NOVEL SCHIZOCHYTRIUM SP. STRAIN AND POLYUNSATURATED FATTY ACID PRODUCTION METHOD USING SAME

Abstract

The present application relates to a novel strain of the genus Schizochytrium (Schizochytrium sp.) and a method of producing polyunsaturated fatty acids by using the same.
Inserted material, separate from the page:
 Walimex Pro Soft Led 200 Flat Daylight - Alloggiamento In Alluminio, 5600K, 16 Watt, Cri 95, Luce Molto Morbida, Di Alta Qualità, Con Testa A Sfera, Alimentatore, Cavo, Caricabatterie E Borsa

According to one aspect, novel microalgae of the genus Schizochytrium have a high content of fat in biomass, and particularly, a high content of polyunsaturated fatty acids such as docosahexaenoic acid (DHA) and eicosapentaenoic acid (EPA), and therefore, the microalgae, and biomass or bio-oil prepared therefrom, may be useful as a feed source or the like.

Claims

1. Microalgae of the genus Schizochytrium (Schizochytrium sp.), deposited under an accession number of KCTC14344BP or KCTC14345BP, and having an ability to produce docosahexaenoic acid (DHA), eicosapentaenoic acid (EPA), and palmitic acid (PA).

2. The microalgae of claim 1, wherein the microalgae produce 35 wt % to 60 wt % of docosahexaenoic acid based on a total weight of fatty acids.
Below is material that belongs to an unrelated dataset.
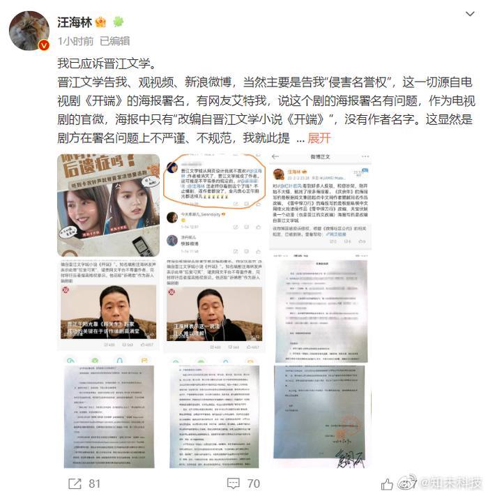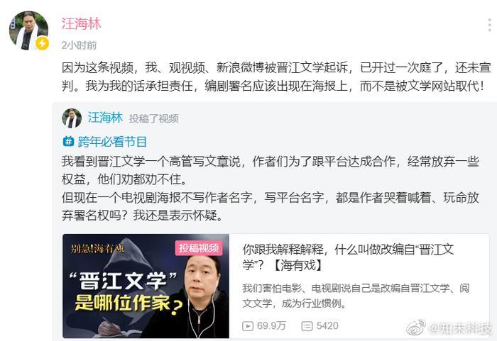 5月16日,知名编剧汪海林发动态称,“因为这条视频,我、观视频、新浪某博被晋江文学起诉,已开过一次庭了,还未宣判。我为我的话承担责任,编剧署名应该出现在海报上,而不是被文学网站取代!”

3. The microalgae of claim 1, wherein the microalgae produce 0.5 wt % to 10 wt % of eicosapentaenoic acid based on a total weight of fatty acids.

4. The microalgae of claim 1, wherein the microalgae produce 10 wt % to 30 wt % of palmitic acid based on a total weight of fatty acids.

5. The microalgae of claim 1, wherein the microalgae have an ability to produce carotenoids.

6. The microalgae of claim 5, wherein the carotenoids are at least one selected from the group consisting of ?-carotene, lutein, astaxanthin, capsanthin, annatto, canthaxanthin, lycopene, ?-apo-8-carotenal, zeaxanthin, and ?-apo-8-carotenal-ester.

7. Biomass derived from microalgae of the genus Schizochytrium, comprising: the microalgae of the genus Schizochytrium of claim 1, cultures of the microalgae, dried products of the cultures, or lysates of the dried products.

8. A feed composition, comprising the biomass derived from the microalgae of the genus Schizochytrium of claim 7, or concentrates or dried products of the biomass.

9. A method of preparing biomass derived from microalgae of the genus Schizochytrium, comprising: culturing microalgae of the genus Schizochytrium, which are deposited under an accession number of KCTC14344BP or KCTC14345BP, and have an ability to produce docosahexaenoic acid, eicosapentaenoic acid, and palmitic acid; and recovering biomass from the microalgae, cultures of the microalgae, dried products of the cultures, or lysates of the dried products.

10. The method of claim 9, wherein the culturing is performed under heterotrophic conditions.

11. The method of claim 9, wherein the culturing is performed by using a medium comprising a carbon source and a nitrogen source.

12. The method of claim 11, wherein the carbon source is at least one selected from the group consisting of glucose, fructose, maltose, galactose, mannose, sucrose, arabinose, xylose, and glycerol.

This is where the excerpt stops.